RPA "has the potential to make a significant impact in the oil and gas industry," said Tony Mataya, director of the Energy Practice at technology consulting firm Information Services Group (ISG).
Many organizations in the industry are implementing RPA, from small, proof-of-concept projects to large-scale initiatives, Mataya said. "RPA automates repetitive tasks and manual integration of disparate data sets, improving efficiency, reducing or virtually eliminating error, and reducing cycle times," he said.
Cognitive computing takes over from RPA when the processes are not as repetitive and there is intuition and thinking required, and a large amount of sometimes seemingly unrelated factors are considered.
"For example, when using cognitive systems in making decisions on drilling, engineers are able to identify patterns, read drilling data and sensor information, compare that data to previous experience with similar formations, and make significantly better decisions concerning a larger number of wells--with significantly fewer people," Mataya said.
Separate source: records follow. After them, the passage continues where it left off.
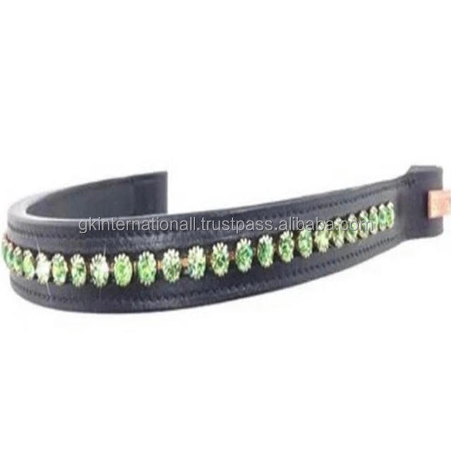 กำไลหนังรูปม้าทรงกลมขนาดใหญ่ประดับด้วยเม็ดสีประกายระยิบระยับช่องเดี่ยวมีช่องใส่คิ้ว
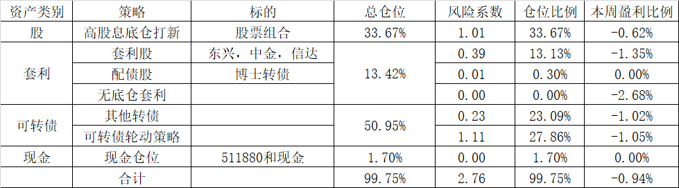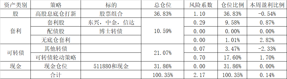 总体维持目前仓位,总体32%类现金仓位,进可攻退可守。
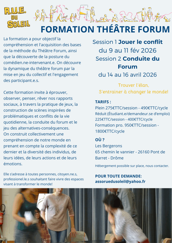 Cette formation invite à éprouver, observer, penser, rêver nos rapports sociaux, à travers la pratique de jeux, la construction de scènes inspirées de problématiques et conflits de la vie quotidienne, la conduite de forum et le jeu des alternatives-conséquences.
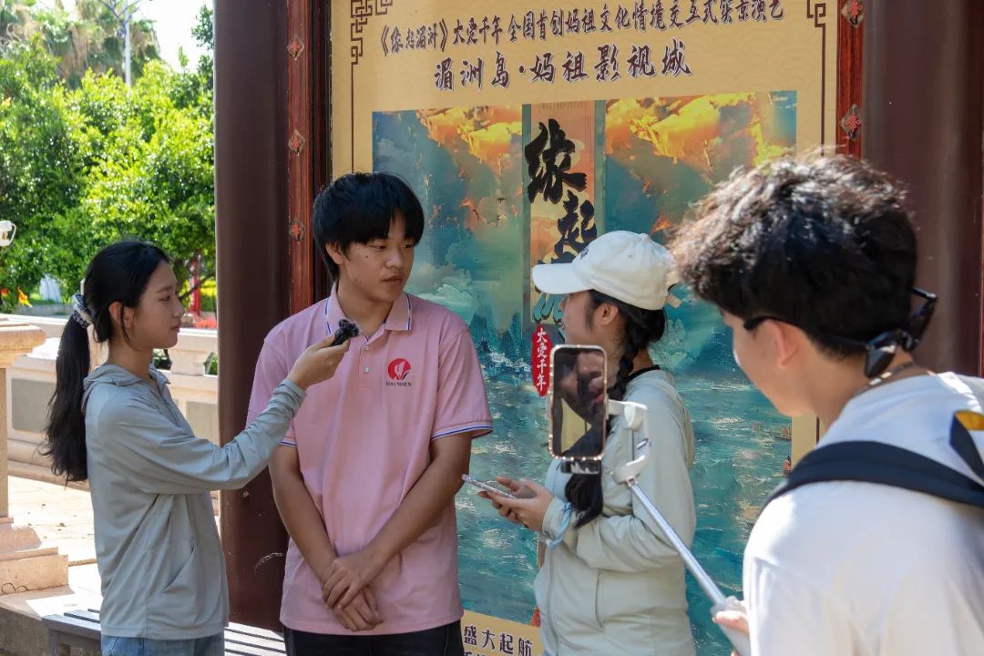 在妈祖文化的发祥地湄洲岛,小分队走进中国“海上丝绸之路中国史迹”申报世界文化遗产首批文物点探索人类非物质文化遗产项目、我国首个信俗类世界遗产——妈祖信俗。小分队成员化身“主播”,依托学院宣传部新媒体中心的专业优势,邀请妈祖信俗工作人员一起通过网络平台开启了一场国家级非物质文化遗产妈祖信俗公益直播。直播间里互动不断,一位粉丝说道“这个实践团太有意思了,妈祖信俗唤醒了我乡愁记忆”。观众通过网络直播的形式沉浸式体验妈祖文化这一中华优秀传统文化的瑰宝,深入了解妈祖文化的起源及妈祖信俗传承创新之道,领略妈祖文化等多彩非遗的独特韵味。
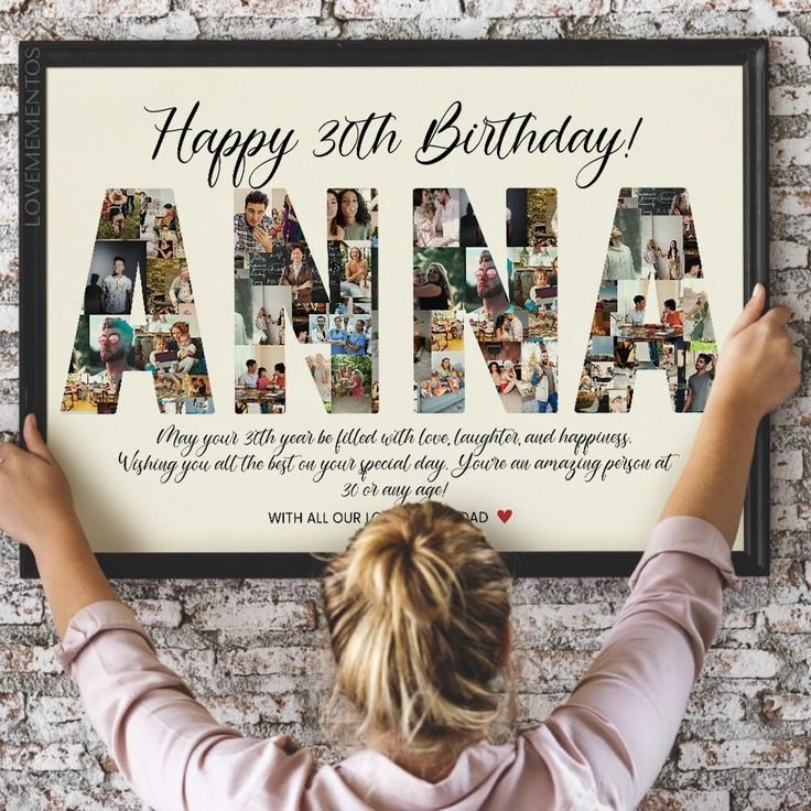 Mark a significant 30th birthday with a custom photo collage. This artistic piece transforms cherished memories into a stunning visual display. Imagine all her favorite faces and moments beautifully arranged, spelling out her name or a special message.
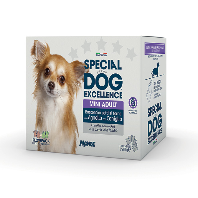 Comodo multipack contenente 12 buste da 100 grammi con gustosi bocconcini in salsa per cani adulti mini in due diversi gusti:
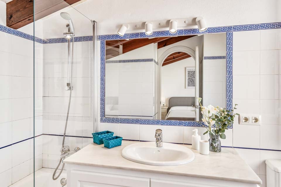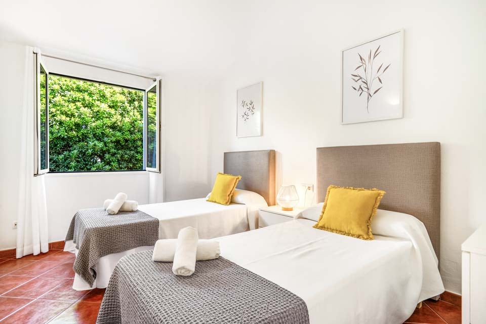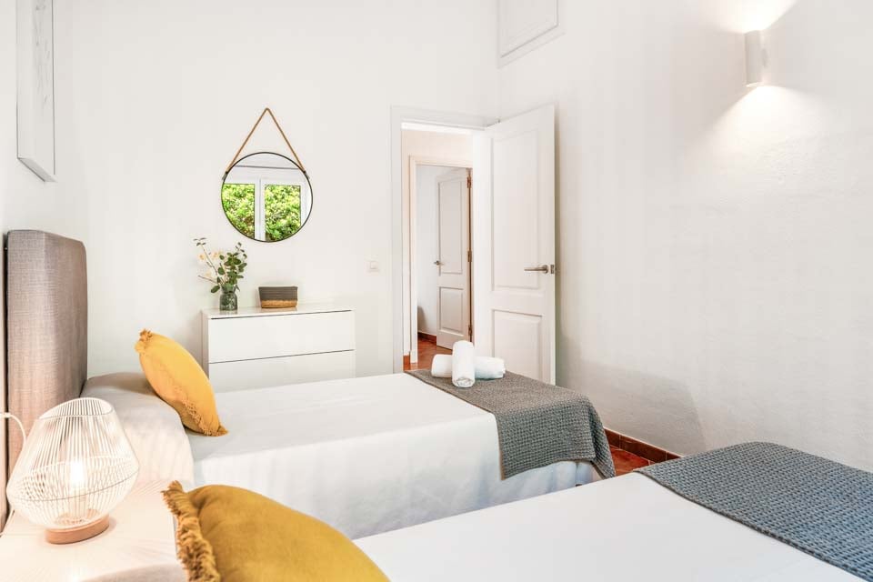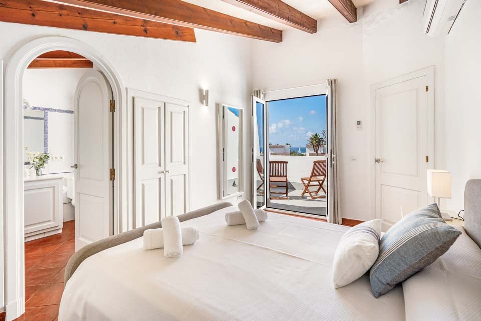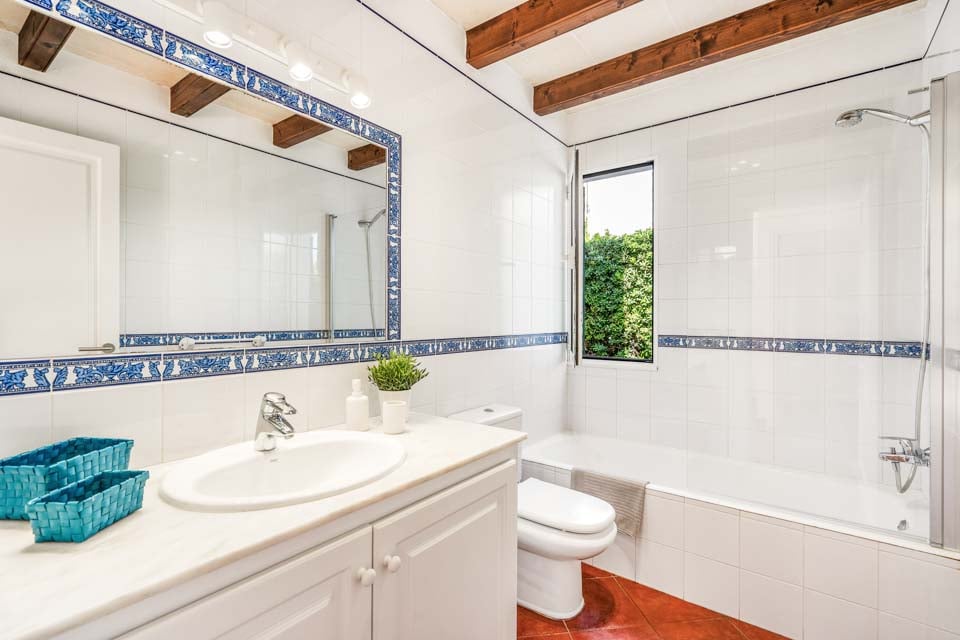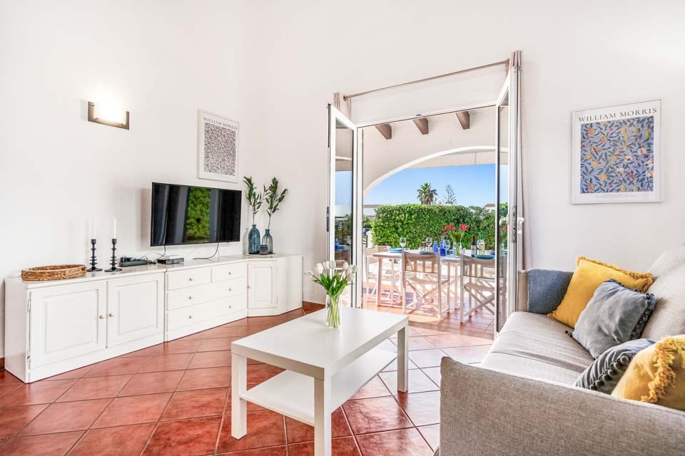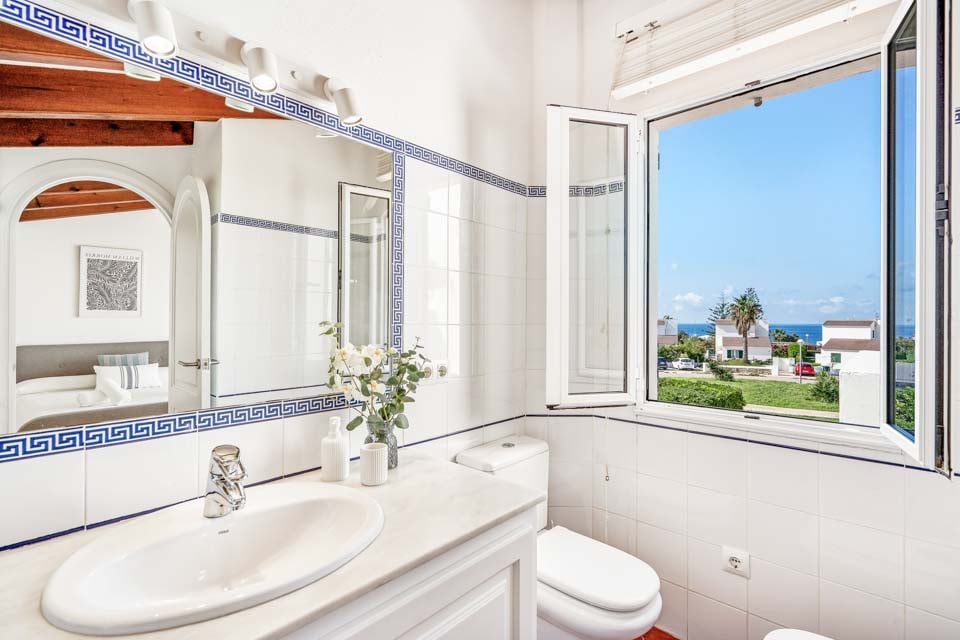Villa Janis er en menorcansk perle, bygget med stuk hvide vægge, terracotta tagsten og buede buer. Interiøret er en smuk kontrast til den traditionelle menorcanske stil, med lyse træmøbler, friske hvide vægge og moderne indretning overalt. Opholdsrummet i åbent plan er lyst og rummeligt med tilknyttet et hyggeligt køkken i landlig stil, som er fuldt udstyret med alt hvad du behøver til at lave mad. Den smukke vindeltrappe fører dig til det store soveværelse med dobbeltseng ovenpå, mens to dobbeltværelser er i stueetagen.

Very seldom are all of the factors the same in such decisions, "so RPA would not address all the potential combinations that need to be considered," Mataya said.
In a recent post, Peggy Krendl, global finance management consulting lead for Accenture's Resources operating group, noted five points companies need to consider before automating oil and gas processes.
One is to determine if there is a compelling business case for deploying RPA. For example, Krendl noted, a company might want to reduce an accountant's tedious workload with a bot, but it needs to think about the total costs of the technology, including software licensing fees and updates that will need to be programmed in as system changes occur, as well as organizational issues that need resolution.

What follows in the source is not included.